The LIFECODES pregnancy cohort was developed at the Brigham and Women’s Hospital in Boston, MA40,42. The overall cohort of 1600 pregnant women was recruited between 2006 and 2008. The Brigham and Women’s Hospital administered institutional review board approval for this study. This study sample includes 161 women with complete exposure and endogenous biomarker measurements. Participants were over the age of 18 and recruited early in pregnancy (<15 weeks gestation). In total, this sample includes 52 cases of preterm birth (defined as delivery <37 weeks gestation), and 109 controls. Spontaneous preterm birth (ncases = 30, ncontrols = 109) was defined as either having a preterm premature rupture of the membranes, or spontaneous preterm labor43. Questionnaires and physical exams were administered at study visits to collect data on key covariates (e.g., maternal age, race, education, body mass index). Participants provided biological specimens (urine and blood) at a clinic visit occurring between 23.1 and 28.9 weeks gestation. Maternal urine samples were collected at a median of 26 weeks gestation and subsequently frozen at −80 °C. Plasma was collected from 10 mL of blood draw using ethylenediaminetetraacetic acid plasma tubes. After collection, blood was stored at +4 °C for less than 4 h and subsequently centrifuged for 20 min before being stored at −80 °C.

Exposure analytes

All exposure analytes were measured in urine samples by NSF International in Ann Arbor, MI. Quantification of individual toxicants and analytes followed protocols developed by the Centers for Disease Control and Prevention44,45,46,47. We used high-performance liquid chromatography-electrospray ionization tandem mass spectrometry (HPLC-ESI-MS/MS) to quantify a total of nine phthalate metabolites. We used isotope dilution liquid chromatography with tandem mass spectrometry (ID-LC–MS/MS) to quantify a total of eight polycyclic aromatic hydrocarbon metabolites and ten phenolic analytes. Finally, a total of 17 trace metals were measured using a Thermo Fisher (Waltham, MA, USA) iCAP RQ inductively coupled plasma mass spectrometer (ICPMS) with Teledyne CETAC Technologies (Omaha, NE, USA) ASX-520 autosampler.

Endogenous biomarkers

A panel of 51 eicosanoids and lipid metabolites were measured in plasma samples using a 6490 Triple Quadrupole mass spectrometer (Agilent, New Castle, DE, USA). The individual eicosanoids were identified using metabolite-specific fragmentation and retention times12. We used the Milliplex MAP High Sensitivity Human Cytokine Magnetic Bead Panel (EMD Millipore Corp., St. Charles, MO) to measure four cytokines: IL-1β, IL-6, TNF-α, and IL-10. An additional inflammation marker, CRP, was also measured using a DuoSet enzyme-linked immunosorbent assay (ELISA) (R&D Systems, Minneapolis, MN)10.
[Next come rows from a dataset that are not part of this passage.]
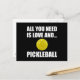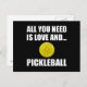 Pickleball teams, coaches, players, leagues, clubs and fans that love the sport joke all you need is love and pickle ball. Check out this funny custom design on tees, shirts, mugs, gifts and apparel.
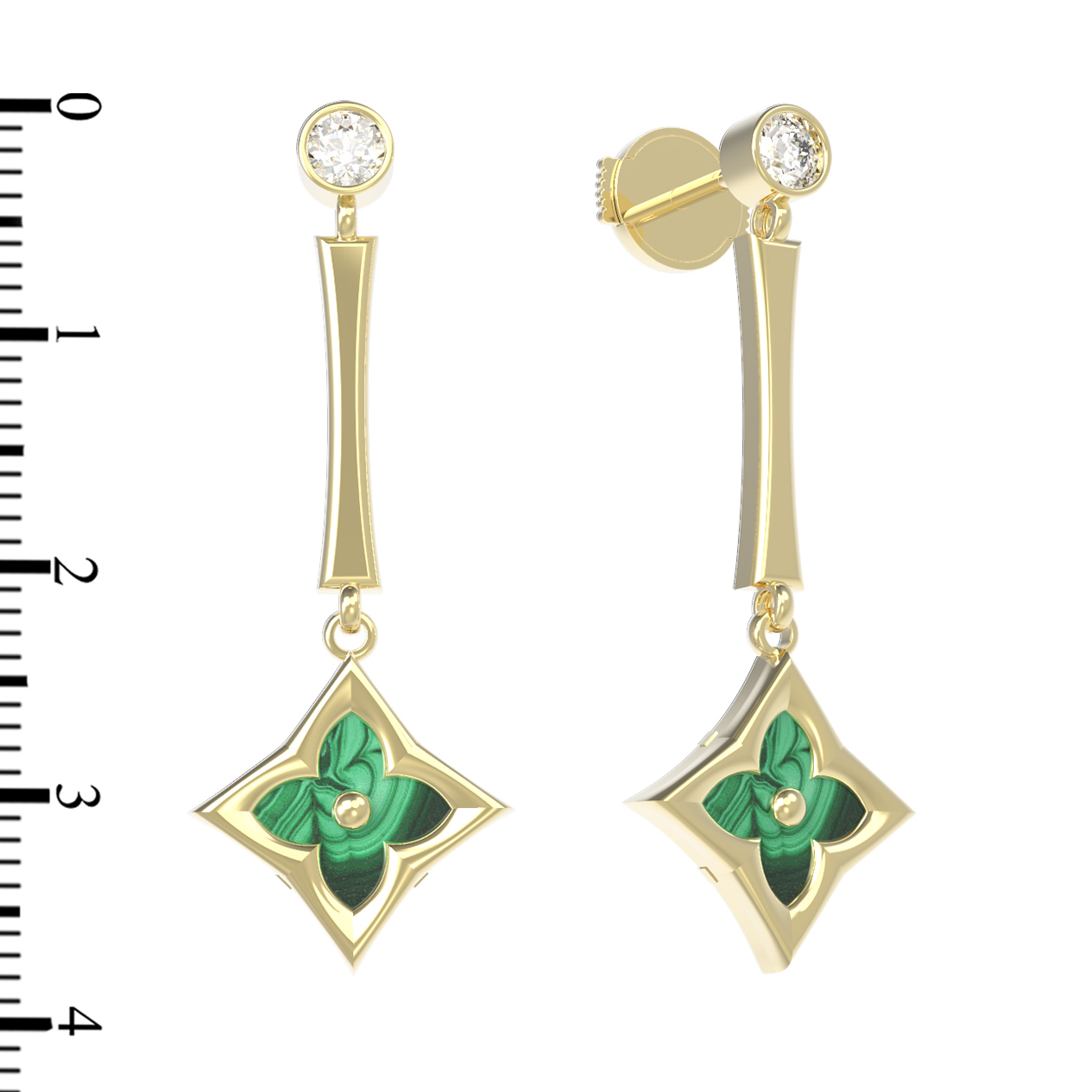 Серьги из лимонного золота c фианитом и малахитом
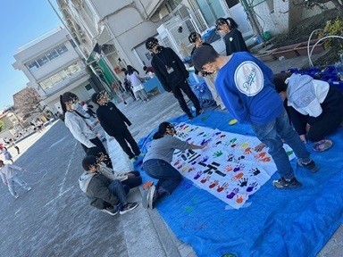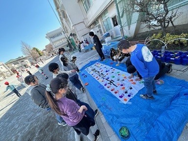 この旗は、地域の方々、志三小の子どもたち、そして地域の保育園の子どもたちの手形を集めて作る、みんなの思いがつまった作品です。校庭に大きなシートを広げ、一人ひとりが楽しそうに手形を押していました。
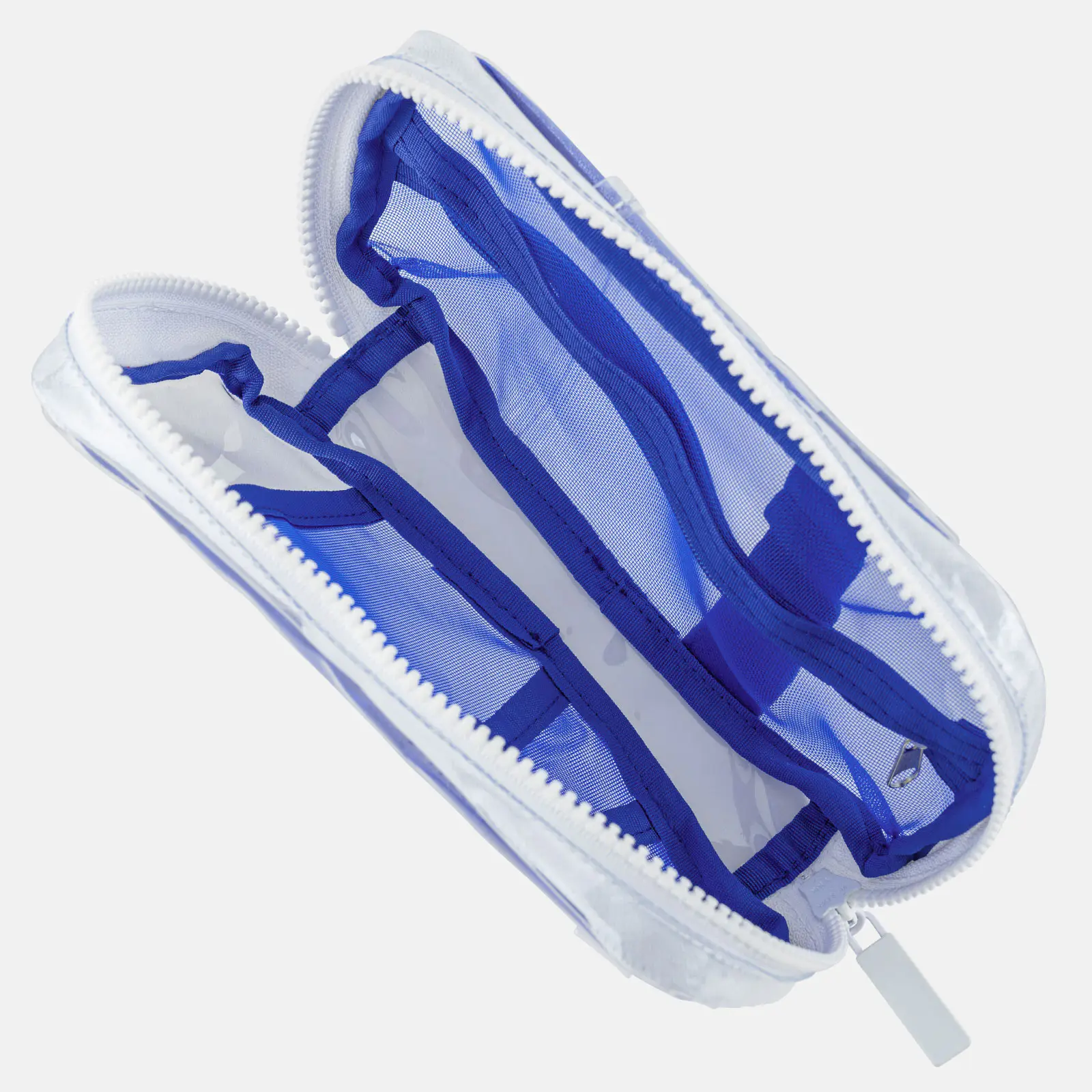 ビビッドな青とファスナー部分の白を組み合わせ、
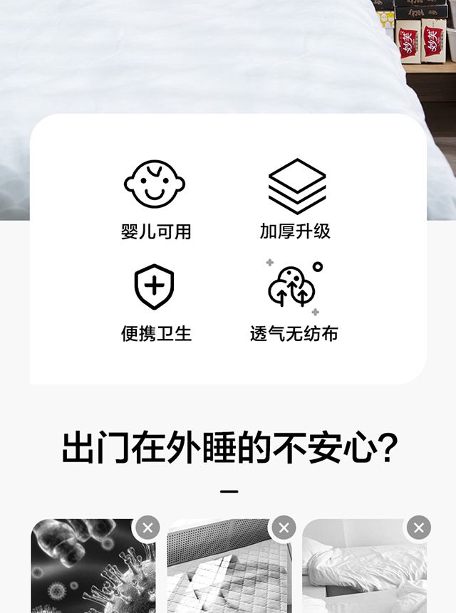 新鲜生活旅行四件套一次性床单被套出行酒店必备双人床尺寸
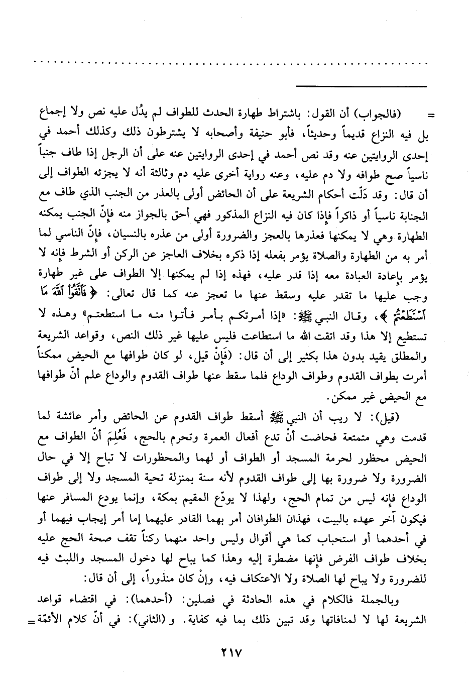 = (فالجواب) أن القول: باشتراط طهارة الحدث للطواف لم يدُل عليه نص ولا إجماع بل فيه النزاع قديماً وحديثاً، فأبو حنيفة وأصحابه لا يشترطون ذلك وكذلك أحمد في إحدى الروايتين عنه وقد نص أحمد في إحدى الروايتين عنه على أن الرجل إذا طاف جنباً ناسياً صح طوافه ولا دم عليه، وعنه رواية أخرى عليه دم وثالثة أنه لا يجزئه الطواف إلى أن قال: وقد دَلت أحكام الشريعة على أن الحائض أولى بالعذر من الجنب الذي طاف مع الجنابة ناسياً أو ذاكراً فإِذا كان فيه النزاع المذكور فهي أحق بالجواز منه فإِن الجنب يمكنه الطهارة وهي لا يمكنها فعذرها بالعجز والضرورة أولى من عذره بالنسيان، فإِن الناسي لما أمر به من الطهارة والصلاة يؤمر بفعله إذا ذكره بخلاف العاجز عن الركن أو الشرط فإِنه لا يؤمر بإِعادة العبادة معه إذا قدر عليه، فهذه إذا لم يمكنها إلا الطواف على غير طهارة وجب عليها ما تقدر عليه وسقط عنها ما تعجز عنه كما قال تعالى: {فَاتَّقُوا اللَّهَ مَا اسْتَطَعْتُمْ} [التغابن: 16]، وقال النبي - صلى الله عليه وسلم -: "إذا أمرتكم بأمر فأتوا منه ما استطعتم" وهذه لا تستطيع إلا هذا وقد اتقت الله ما استطاعت فليس عليها غير ذلك النص، وقواعد الشريعة والمطلق يقيد بدون هذا بكثير إلى أن قال: فَإِن قيل، لو كان طوافها مع الحيض ممكناً أمرت بطواف القدوم وطواف الوداع فلما سقط عنها طواف القدوم والوداع علم أن طوافها مع الحيض غير ممكن.

We measured three protein oxidation markers in plasma samples: 3-nitrotyrosine [NY], 3-chlorotyrosine [CY], and o,o’-dityrosine [DY]. To quantify these biomarkers, total plasma protein was first precipitated and diluted with a phosphate buffer. The samples were then delipidated, injected with isotopically labeled standards, and hydrolyzed for 24 h. Subsequently, the processed plasma samples underwent liquid chromatography-electrospray ionization tandem mass spectrometry. Additional oxidative stress markers 8-IP and 8-OHdG were measured in urine samples at Cayman Chemical (Ann Arbor, MI). 8-IP was quantified using affinity column chromatography followed by an enzyme immunoassay, and 8-OHdG was measured directly through an enzyme immunoassay48.

Statistical analyses

All statistical analyses were conducted using R (version 3.5.1). Descriptive statistics were weighted based on calculated inverse probability weights that were corrected for over-representation of preterm birth cases in the sample compared to the larger LIFECODES cohort. The survey package (version 4.0) was used to account for inverse probability weights in all downstream analyses.

In Fig. 1, we illustrate a guide to the analytical framework that we developed for this multivariate mediation analysis that may be used in high-dimensional settings. Our mediation analysis builds on a counterfactual framework to formally define the causal effects. We can estimate natural direct and indirect effects from observed data with the following identifiability assumptions:

  1. 1.

    There is no unmeasured confounding for exposure-outcome relationship;

  2. 2.

    There is no unmeasured confounding for the mediator-outcome relationship after controlling for the exposure variable;

  3. 3.

    There is no unmeasured confounding for the exposure effect on all of the mediators;

  4. 4.

    There is no downstream effect of the exposure that confounds any mediator-outcome relationship

The above four assumptions are required to hold with respect to the whole set of mediators. Finally, as in all mediation analysis, the temporal ordering assumption also needs to be satisfied, i.e., the exposure precedes the mediators, and the mediators precede the outcome. Additional information on notations, definitions, and assumptions that we draw upon for our study are outlined in detail in supplemental materials, section 1.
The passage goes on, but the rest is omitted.